The final reports are in & Emerson is growing, again, the ever-present Klebsiella in her urine. It came back after only 3 days off antibiotics. As I said before, this one is nasty – the worst UTI (at least on paper) she’s ever had. The sensitivities returned today & the bug has now morphed from an ESBL to a KPC. Infectious Disease in Omaha treated her last infection (last week) with a combination of drugs testing intermediate in their efficacy. The bug has now grown completely resistant to them both, which officially classifies it as a ‘KPC’. I asked how that compares to MRSA or VRE & was told its much, much worse. My hospital friends will understand all the acronyms – to everyone else just know it’s bad. I looked it up online & had to stop – it’s more than a mother needs to know. It’s an antibiotic-resistant superbug in every meaning of the word & it’s very scary.
We are literally at the end with this organism. Eme was switched today to a drug that’s highly toxic to her kidneys and there’s one possible combination of drugs left to try if this doesn’t work. One of those drugs is not compatible with her anti-rejection med, though, & causes heart abnormalities/arrhythmias. We’re obviously hoping to avoid it but infectious disease said they’ll use it if they have to. Beyond that it's over. ID said on the entire face of the earth, it's all we have left.
The nephrologist said Eme’s Klebsiella is the single strongest bug he’s ever seen and it may be the strongest this hospital has ever seen too. She was moved around a lot yesterday, finally ending in the desired location (hematology/oncology, kidney transplant, & bone marrow unit). Infectious Disease said they’re emptying out the 2 other rooms she was in & hazmat cleaning them this afternoon. Everyone who enters is in full precaution. There is possibility for an outbreak amongst other immune-suppressed patients on this hall & that could be disastrous. Of particular note, though – otherwise healthy children/individuals are not at risk for acquiring this infection.

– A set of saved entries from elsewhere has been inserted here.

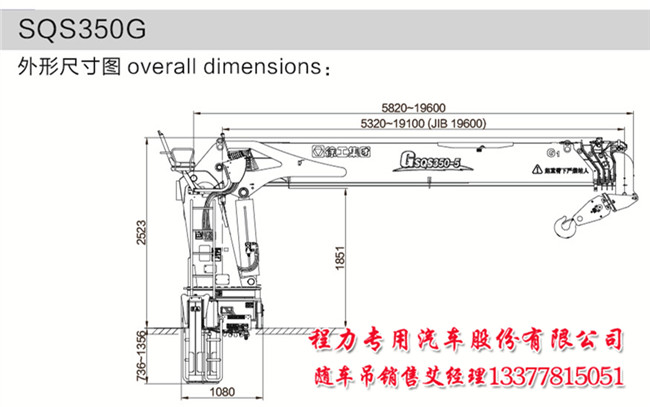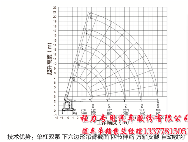 SQS350G型14噸五節(jié)加長(zhǎng)臂參數(shù):2.5米吊14噸,4.5米吊8.7噸,6.5米吊5.2噸,8.5米吊4.3噸,9.5米吊3.5噸,12.5米吊2.1噸,15.5米吊1.9噸,17.5米吊1.39噸,19.6米吊1.3噸.
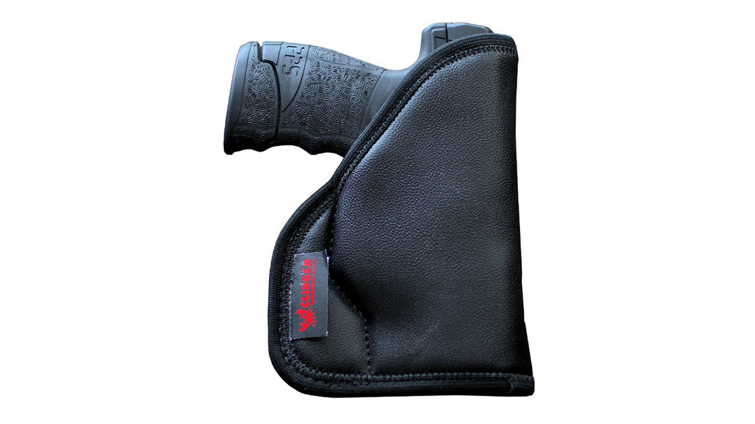 One tip, though, use a pocket holster; don’t just drop your firearm into a pocket. A pocket holster actually helps smooth out the harsh lines of a gun while covering the trigger, which makes this carry much safer. Be sure to get one with a sticky exterior and smooth interior, such as the Comfort Cling, for a quick draw.
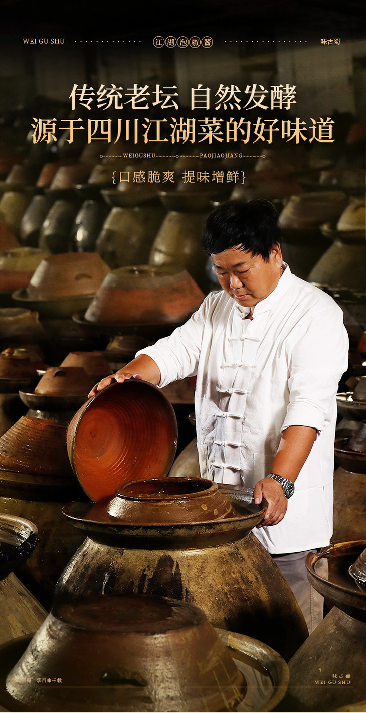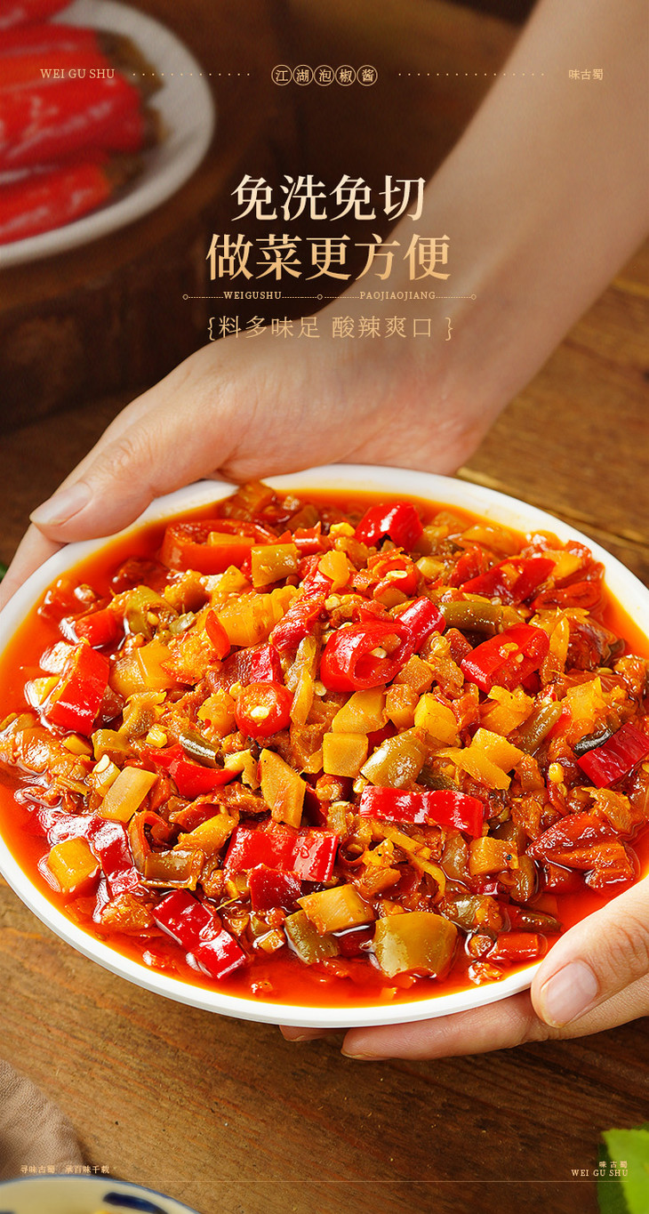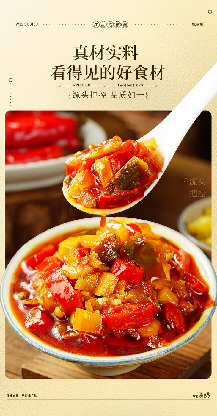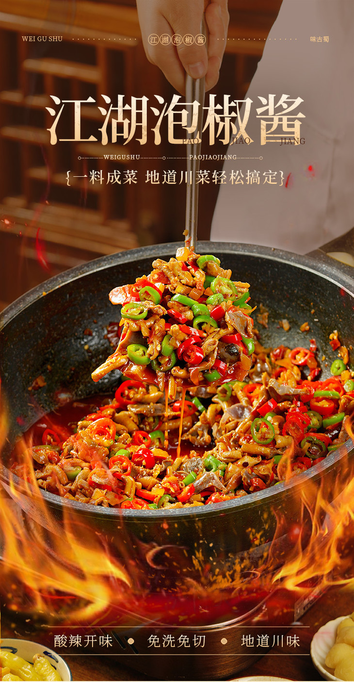 江湖菜的风味入味彻底,富有层次感,绝不单一的重油重味、大麻大辣、大燥大辛、大酸大咸, 而是追求五味平衡的综合味道的呈现,有滋有味,有颜有色,以麻辣擅长、酸辣突出、家常浓郁而著称, 既味中有味,又有主次之别,层次之分。 一款优秀的酱料,是能让人吃出“画面感”的。 味古蜀的泡椒酱,口感绝非单一的辣

Emerson is not any better today. I’d dare say she’s worse. She’s still sleeping all day & not alerting to much of anything. She sleeps soundly through vitals, meds, etc. Her urine looks awful. She’s pale & still in a lot of pain. They started her on IV morphine. The urologist changed out her bladder catheter today - together with the switch to a new antibiotic, things will hopefully start to turn around in the next 24 hours.
I had a really good conversation with a coordinator in Omaha yesterday. We decided to proceed with a tunneled central catheter (line) here & continue treatment in Michigan until Dr. B is willing to take Eme into surgery. I’d originally planned to drive back as soon as Eme is stable, but instead have decided to stay here as long as possible, close to the boys. The coordinator said everyone in Omaha is very sympathetic to our situation & understands the need for us to try and put together a life – however possible. It’s so, so hard. At the evaluation (several years ago) I was told about a recent survey of children 5 years post intestinal transplant. ALL perceived their life as equal to that of their peers. Wow… that was the dream – not existence, but life. When we consented to transplant we knew Eme had a 50/50 chance – a 50% chance of having quality of life & a 50% chance of not surviving. What we never considered, though, was the situation that has transpired… somewhere in-between… a place where Emerson survives, but never finds quality of life… a place where she lives in the hospital, squarely between the worlds of good and bad. The coordinator said every now & again it happens and eventually the child will declare themselves. In the interim, though, it’s a challenge for all involved. She shared with me the sentiment of a mother who once found herself in my exact same shoes – she said, “I’ve lived in my daughter’s world for years, one way or another she now has to come live in mine.” I tear up just writing it - I so get that. Don’t misunderstand me, I’d do it all over again. It was worth it if only for the chance… at the time of transplant Eme had much more daunting odds for survival – 0%.
In all, and back to Eme’s Klebsiella, the news is not good. She’ll recover from this one, though. It appears to be contained in her bladder & kidneys, her blood is still testing negative for infection at this time. They repeated blood cultures today. We can treat this one… it’s the next few infections to come that could end much differently. We need to keep them at bay. In Omaha today, though, there is a little girl in a much different place. Little Ashley Kate has battled rejection twice since her transplant nearly 4 years ago & is back in Omaha this time fighting for her life. She has end stage rejection & the situation is grim. The odds of keeping her bowel are low & the odds of keeping her alive through it all aren’t much better. I’ve witnessed a miracle, though, & know it can happen! I can’t get this sweet girl and her family off my mind this week. It’s one of those few times I actually wish I was back in Omaha to lend a sympathetic ear. Please join me in prayer for Ashley Kate & her family. Her mother Trish is sitting bedside while her dad, brother, & sister are back in Texas. If Ashley can do this it’s going to be a long road back home. My heart aches so badly for them. Please pray for their strength & resilience through this terribly difficult time. Thank You!!